The UNHCR says in October 2014 that just over 144,630 Syrians had requested asylum in the EU since 2011, with Germany and Sweden shouldering the burden.

It says in June 2014 that 2.5 million people had fled Syria. By April 2018 this figure is at more than 5.6 million, according to the UNHCR website.

2015: More than one million migrants

The International Organization for Migration (IOM) says 1,047,000 migrants arrived by sea in Europe in 2015, of whom around 854,000 went to Greece and 154,000 to Italy.

The increase is due to the raging Syrian conflict and a deterioration in living conditions in refugee camps.

On April 19, 2015 the worst Mediterranean disaster in decades takes place when up to 800 people, mainly from West Africa, die after their crammed fishing boat capsizes in Libyan waters.

In 2015 nearly 3,800 deaths at sea are registered by the UNHCR.

The war in Syria is credited with kick-starting a wave of migrant movement towards Europe

The war in Syria is credited with kick-starting a wave of migrant movement towards Europe

In late summer of 2015, German Chancellor Angela Merkel decides to open Germany’s borders to migrants. Some 890,000 arrive over the year and she comes under strong criticism from many of her EU partners.

Central and eastern EU nations such as Hungary and Poland refuse outright or resist taking in refugees under an EU quota system.

At bursting point, Germany reestablishes border checks, suspending free movement in the EU. Austria, the Czech Republic and Slovakia, all transit countries, follow suit.

Hungary and Slovenia, the main entry points to the passport-free Schengen zone, put up fences.

Asylum demands peak with 1.26 million demands in the EU in 2015.

2016: Accord with Turkey

The EU and Turkey sign a controversial deal in 2016 aimed at stemming the migrant flow to the Aegean Greek islands.

Combined with the closure of the so-called Balkans route, the flow drops sharply as Turkey boosts its coastal patrols.

Arrivals in Europe fall in 2016 to 390,000, according to the IOM.

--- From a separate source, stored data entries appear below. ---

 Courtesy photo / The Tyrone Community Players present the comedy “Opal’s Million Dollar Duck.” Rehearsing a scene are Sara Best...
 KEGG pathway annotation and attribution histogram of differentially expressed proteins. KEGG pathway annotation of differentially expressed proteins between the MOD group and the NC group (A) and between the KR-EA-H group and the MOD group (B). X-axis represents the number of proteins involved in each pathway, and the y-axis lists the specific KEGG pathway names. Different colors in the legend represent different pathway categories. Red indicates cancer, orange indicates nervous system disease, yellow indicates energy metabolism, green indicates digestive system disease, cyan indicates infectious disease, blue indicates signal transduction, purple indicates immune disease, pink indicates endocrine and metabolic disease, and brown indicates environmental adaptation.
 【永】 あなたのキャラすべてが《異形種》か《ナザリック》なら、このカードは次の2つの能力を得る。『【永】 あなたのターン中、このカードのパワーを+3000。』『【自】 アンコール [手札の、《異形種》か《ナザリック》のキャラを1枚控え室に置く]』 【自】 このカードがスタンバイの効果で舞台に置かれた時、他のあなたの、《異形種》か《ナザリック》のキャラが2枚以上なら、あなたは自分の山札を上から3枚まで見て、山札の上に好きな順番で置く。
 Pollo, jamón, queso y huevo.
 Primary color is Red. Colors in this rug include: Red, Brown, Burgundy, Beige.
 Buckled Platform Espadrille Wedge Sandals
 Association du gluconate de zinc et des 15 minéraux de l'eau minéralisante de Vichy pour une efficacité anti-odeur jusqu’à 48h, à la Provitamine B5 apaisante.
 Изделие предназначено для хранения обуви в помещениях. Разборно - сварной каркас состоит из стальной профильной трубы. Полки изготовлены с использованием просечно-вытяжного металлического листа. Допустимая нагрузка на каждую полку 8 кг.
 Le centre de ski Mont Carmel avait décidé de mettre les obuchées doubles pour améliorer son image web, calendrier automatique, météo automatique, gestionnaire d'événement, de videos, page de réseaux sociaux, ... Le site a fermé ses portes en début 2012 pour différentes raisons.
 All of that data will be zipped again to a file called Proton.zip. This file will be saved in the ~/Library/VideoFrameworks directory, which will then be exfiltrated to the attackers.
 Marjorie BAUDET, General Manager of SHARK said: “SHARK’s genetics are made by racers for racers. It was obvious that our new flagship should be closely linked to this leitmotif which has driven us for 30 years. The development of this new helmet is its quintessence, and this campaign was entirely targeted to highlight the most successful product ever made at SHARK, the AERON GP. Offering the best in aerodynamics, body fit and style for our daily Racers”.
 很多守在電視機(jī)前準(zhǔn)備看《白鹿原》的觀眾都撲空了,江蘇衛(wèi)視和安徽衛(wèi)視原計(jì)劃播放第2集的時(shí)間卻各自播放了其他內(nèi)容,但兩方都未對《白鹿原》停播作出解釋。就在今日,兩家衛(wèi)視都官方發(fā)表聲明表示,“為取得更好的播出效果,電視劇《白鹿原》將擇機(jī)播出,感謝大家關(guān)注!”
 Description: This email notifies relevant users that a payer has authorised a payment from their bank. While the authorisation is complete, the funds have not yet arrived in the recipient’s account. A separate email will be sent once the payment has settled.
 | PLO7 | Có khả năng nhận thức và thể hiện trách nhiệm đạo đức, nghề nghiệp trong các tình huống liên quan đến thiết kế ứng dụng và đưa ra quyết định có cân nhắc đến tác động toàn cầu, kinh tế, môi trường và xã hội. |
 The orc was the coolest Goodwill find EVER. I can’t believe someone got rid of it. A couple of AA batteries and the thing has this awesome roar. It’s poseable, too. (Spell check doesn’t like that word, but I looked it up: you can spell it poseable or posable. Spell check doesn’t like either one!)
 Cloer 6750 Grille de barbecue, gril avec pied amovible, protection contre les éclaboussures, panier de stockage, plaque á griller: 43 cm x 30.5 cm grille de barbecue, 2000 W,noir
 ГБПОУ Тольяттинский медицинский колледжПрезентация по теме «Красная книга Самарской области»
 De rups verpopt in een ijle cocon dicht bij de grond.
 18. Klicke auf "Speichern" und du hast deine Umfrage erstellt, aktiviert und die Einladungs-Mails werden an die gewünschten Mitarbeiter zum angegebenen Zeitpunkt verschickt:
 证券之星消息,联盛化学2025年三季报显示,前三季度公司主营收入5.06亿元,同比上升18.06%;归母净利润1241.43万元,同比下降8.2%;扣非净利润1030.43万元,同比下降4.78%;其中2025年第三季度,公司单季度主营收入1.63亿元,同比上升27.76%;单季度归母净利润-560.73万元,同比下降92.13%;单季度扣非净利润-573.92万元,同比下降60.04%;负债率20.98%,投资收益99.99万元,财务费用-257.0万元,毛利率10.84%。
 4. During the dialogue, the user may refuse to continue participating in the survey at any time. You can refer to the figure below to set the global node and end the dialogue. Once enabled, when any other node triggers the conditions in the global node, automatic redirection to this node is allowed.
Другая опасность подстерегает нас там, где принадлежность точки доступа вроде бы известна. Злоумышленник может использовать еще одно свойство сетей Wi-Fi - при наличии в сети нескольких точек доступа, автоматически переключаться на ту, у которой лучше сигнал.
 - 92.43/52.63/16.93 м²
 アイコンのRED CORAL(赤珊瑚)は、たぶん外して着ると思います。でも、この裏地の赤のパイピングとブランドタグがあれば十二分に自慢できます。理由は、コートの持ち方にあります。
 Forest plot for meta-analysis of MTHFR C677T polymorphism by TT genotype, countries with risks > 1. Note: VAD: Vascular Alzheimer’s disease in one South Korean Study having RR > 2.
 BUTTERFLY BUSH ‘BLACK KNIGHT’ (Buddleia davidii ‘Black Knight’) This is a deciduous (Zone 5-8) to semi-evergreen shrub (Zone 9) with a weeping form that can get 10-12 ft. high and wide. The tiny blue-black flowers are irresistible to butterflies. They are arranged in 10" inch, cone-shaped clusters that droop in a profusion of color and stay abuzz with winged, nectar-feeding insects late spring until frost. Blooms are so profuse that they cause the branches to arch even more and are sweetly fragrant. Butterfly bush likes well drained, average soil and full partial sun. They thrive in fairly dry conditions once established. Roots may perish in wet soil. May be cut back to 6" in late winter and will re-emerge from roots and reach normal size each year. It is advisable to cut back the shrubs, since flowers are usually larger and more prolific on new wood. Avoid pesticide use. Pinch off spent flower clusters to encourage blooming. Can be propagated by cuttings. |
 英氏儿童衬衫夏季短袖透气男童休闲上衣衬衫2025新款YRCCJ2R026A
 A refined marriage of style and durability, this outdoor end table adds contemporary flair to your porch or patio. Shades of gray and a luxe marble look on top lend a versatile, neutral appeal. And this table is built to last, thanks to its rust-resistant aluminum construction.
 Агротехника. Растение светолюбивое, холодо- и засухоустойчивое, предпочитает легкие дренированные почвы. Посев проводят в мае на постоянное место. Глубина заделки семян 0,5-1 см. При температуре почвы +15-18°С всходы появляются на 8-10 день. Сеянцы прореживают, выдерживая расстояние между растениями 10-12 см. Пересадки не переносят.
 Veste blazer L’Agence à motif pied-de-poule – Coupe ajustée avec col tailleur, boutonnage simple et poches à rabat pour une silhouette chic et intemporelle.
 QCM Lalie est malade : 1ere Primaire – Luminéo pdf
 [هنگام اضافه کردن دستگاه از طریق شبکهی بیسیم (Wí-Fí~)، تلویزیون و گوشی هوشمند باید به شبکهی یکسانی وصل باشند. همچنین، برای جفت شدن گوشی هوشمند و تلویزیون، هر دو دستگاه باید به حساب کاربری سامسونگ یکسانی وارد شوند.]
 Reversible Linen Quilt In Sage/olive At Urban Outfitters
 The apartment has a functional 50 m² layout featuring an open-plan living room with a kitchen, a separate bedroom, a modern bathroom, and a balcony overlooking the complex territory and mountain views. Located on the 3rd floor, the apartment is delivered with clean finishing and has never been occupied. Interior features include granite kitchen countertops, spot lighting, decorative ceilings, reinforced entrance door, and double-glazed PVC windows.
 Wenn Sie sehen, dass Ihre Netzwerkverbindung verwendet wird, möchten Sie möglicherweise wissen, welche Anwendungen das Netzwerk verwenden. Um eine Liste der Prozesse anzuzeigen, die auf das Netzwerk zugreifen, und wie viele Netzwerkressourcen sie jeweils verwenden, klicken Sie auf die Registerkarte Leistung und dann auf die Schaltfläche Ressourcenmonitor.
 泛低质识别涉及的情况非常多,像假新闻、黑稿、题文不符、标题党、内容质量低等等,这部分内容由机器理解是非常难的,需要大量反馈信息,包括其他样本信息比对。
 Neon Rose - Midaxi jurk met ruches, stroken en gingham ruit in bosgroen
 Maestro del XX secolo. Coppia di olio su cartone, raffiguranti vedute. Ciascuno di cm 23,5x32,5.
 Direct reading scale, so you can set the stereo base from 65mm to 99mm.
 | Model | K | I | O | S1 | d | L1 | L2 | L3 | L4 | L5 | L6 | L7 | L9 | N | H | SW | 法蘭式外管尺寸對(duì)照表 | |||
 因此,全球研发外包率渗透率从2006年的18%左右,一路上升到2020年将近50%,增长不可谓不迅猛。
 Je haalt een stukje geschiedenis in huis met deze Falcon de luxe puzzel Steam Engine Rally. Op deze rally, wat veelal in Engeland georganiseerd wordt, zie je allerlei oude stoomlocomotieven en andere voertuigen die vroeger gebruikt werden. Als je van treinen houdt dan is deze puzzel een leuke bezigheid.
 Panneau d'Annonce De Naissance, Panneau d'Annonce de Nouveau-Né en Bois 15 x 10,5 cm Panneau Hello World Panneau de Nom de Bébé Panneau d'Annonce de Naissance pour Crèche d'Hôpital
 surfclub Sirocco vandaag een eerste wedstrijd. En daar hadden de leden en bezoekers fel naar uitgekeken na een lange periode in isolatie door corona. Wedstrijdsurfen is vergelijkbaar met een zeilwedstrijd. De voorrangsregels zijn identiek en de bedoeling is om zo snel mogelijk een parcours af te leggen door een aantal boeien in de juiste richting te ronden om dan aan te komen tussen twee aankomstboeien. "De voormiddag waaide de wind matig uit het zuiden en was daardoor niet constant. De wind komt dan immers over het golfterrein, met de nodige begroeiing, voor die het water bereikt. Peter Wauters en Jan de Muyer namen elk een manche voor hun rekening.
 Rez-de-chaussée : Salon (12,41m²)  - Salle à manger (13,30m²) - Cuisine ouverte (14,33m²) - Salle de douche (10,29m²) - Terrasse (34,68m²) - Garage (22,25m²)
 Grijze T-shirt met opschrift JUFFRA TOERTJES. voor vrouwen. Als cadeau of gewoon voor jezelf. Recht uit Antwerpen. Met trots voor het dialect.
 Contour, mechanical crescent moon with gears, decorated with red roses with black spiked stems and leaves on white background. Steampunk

2017: Italy on the frontline

As the route via Greece and Turkey dries up, Libya becomes the main migration route and Italy the main entry point to Europe.

The trend is reversed radically from July 2017 due to accords struck by Rome with the Libyan authorities and militias.

After these accords, which involve support to the Libyan coastguards, the number of arrivals in Italy drops by more than 75 percent.

2018: Political crisis in EU

In Italy, which has seen around 700,000 migrants arrive since 2013, an anti-migrant coalition including the far right is sworn in to government in June.

It refuses to allow the Aquarius rescue ship carrying 630 migrants to dock on its shores; the migrants are taken in by Spain on June 17, after a turbulent week at sea.

The case leads to political recriminations and heightened tensions within the EU, particularly between Rome and Paris.

In Germany, hardliners in Merkel’s conservative bloc on June 18 give her an ultimatum to tighten asylum rules or risk pitching Germany into a political crisis that would also rattle Europe.